SciBench: Evaluating College-Level Scientific Problem-Solving Abilities of Large Language Models

Xiaoxuan Wang,Ziniu Hu,Pan Lu,Yanqiao Zhu,Jieyu Zhang,Satyen Subramaniam,Arjun R. Loomba,Shichang Zhang,Yizhou Sun,Wei Wang
2024-06-28
Abstract:Most of the existing Large Language Model (LLM) benchmarks on scientific problem reasoning focus on problems grounded in high-school subjects and are confined to elementary algebraic operations. To systematically examine the reasoning capabilities required for solving complex scientific problems, we introduce an expansive benchmark suite SciBench for LLMs.
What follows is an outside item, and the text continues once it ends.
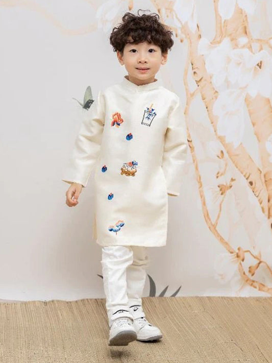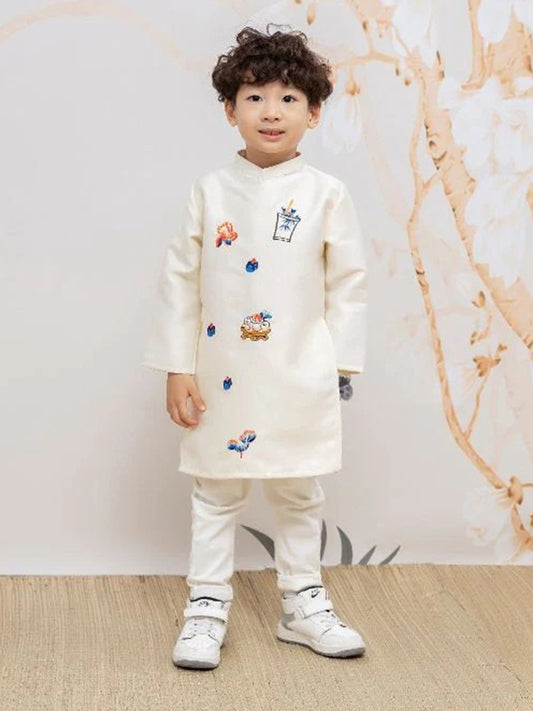 Kids Ao Dai Boy White Cute Patterns Ao Dai Top Only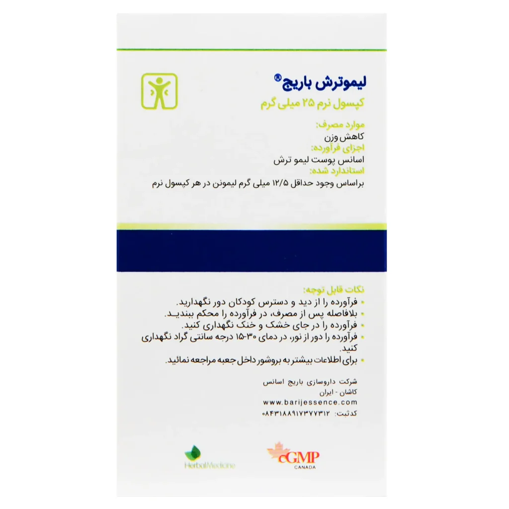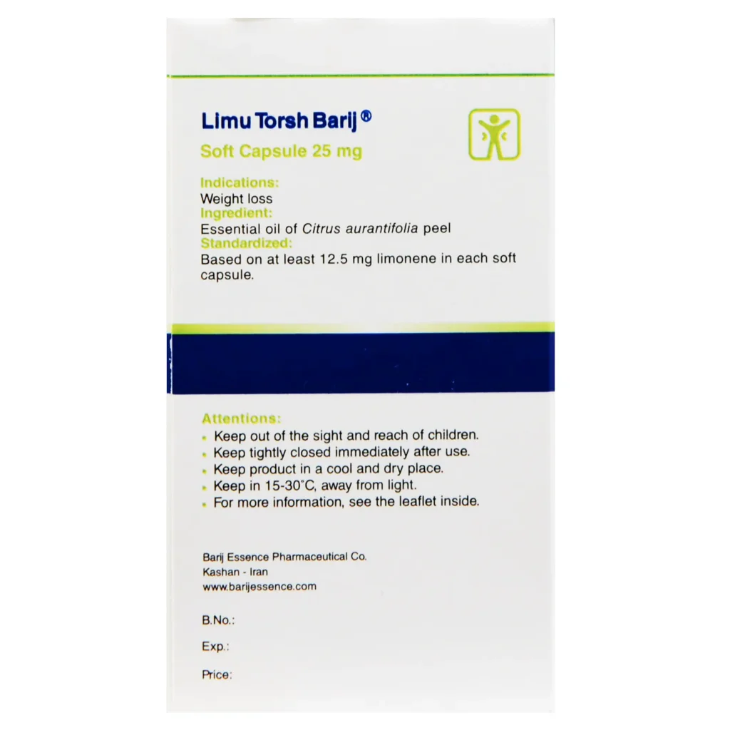 سافت ژل لیموترش 25 میلی گرم باریج اسانس با داشتن عصاره لیمو یکی از بهترین فرآوردههای حاوی مرکبات میباشد که میتواند تاًثیر چشمگیری در کاهش وزن و تثبیت آن داشته باشد.

SciBench contains a carefully curated dataset featuring a range of collegiate-level scientific problems from mathematics, chemistry, and physics domains. Based on the dataset, we conduct an in-depth benchmarking study of representative open-source and proprietary LLMs with various prompting strategies. The results reveal that the current LLMs fall short of delivering satisfactory performance, with the best overall score of merely 43.22%. Furthermore, through a detailed user study, we categorize the errors made by LLMs into ten problem-solving abilities. Our analysis indicates that no single prompting strategy significantly outperforms the others and some strategies that demonstrate improvements in certain problem-solving skills could result in declines in other skills. We envision that SciBench will catalyze further developments in the reasoning abilities of LLMs, thereby ultimately contributing to scientific research and discovery.
Computation and Language,Artificial Intelligence,Machine Learning
What problem does this paper attempt to address?
The paper aims to address the issue of capability assessment and skill analysis of Large Language Models (LLMs) in solving complex scientific problems. Most existing LLM benchmarks focus on high school-level math problems or text-based questions, primarily concentrating on basic arithmetic operations, which are insufficient to comprehensively evaluate LLMs' abilities in solving scientific problems that require in-depth reasoning. The paper introduces a new set of benchmarks—SCIBENCH, specifically targeting college-level scientific problems, encompassing complex issues in the fields of mathematics, chemistry, and physics, with the goal of thoroughly assessing LLMs' scientific problem-solving capabilities. The features of SCIBENCH include: 1. **Broad range of problems**: It contains 869 questions collected from widely used college textbooks, involving multi-step reasoning, understanding of scientific concepts, retrieval of specialized knowledge, and complex numerical computation abilities. 2. **Incorporates visual elements**: There are 177 questions that combine visual elements such as graphics and charts, used to evaluate multimodal LLMs. 3. **Detailed solutions**: Step-by-step solutions for example problems are provided, facilitating detailed error analysis. 4. **Real-world scenario simulation**: It includes an independent closed dataset sourced from actual midterm and final exam questions from computer science and mathematics courses, ensuring the authenticity and completeness of the assessment. Through SCIBENCH, the paper evaluates a range of open-source and proprietary LLMs, including various prompting strategies, and allows models to utilize external scientific computing libraries in Python and Wolfram language. The results show that even advanced LLMs have significant performance gaps in solving complex scientific problems, with the highest average score being only 43.22%, indicating substantial room for improvement in this field. Furthermore, the paper proposes a self-improvement method to identify skill deficiencies in LLMs when solving problems. By comparing the correct answers with the answers generated by the models, it summarizes ten key scientific problem-solving skills and automatically categorizes the skills lacking in LLMs under different experimental configurations. These findings help guide the design and optimization of future LLMs to enhance their performance in scientific problem-solving.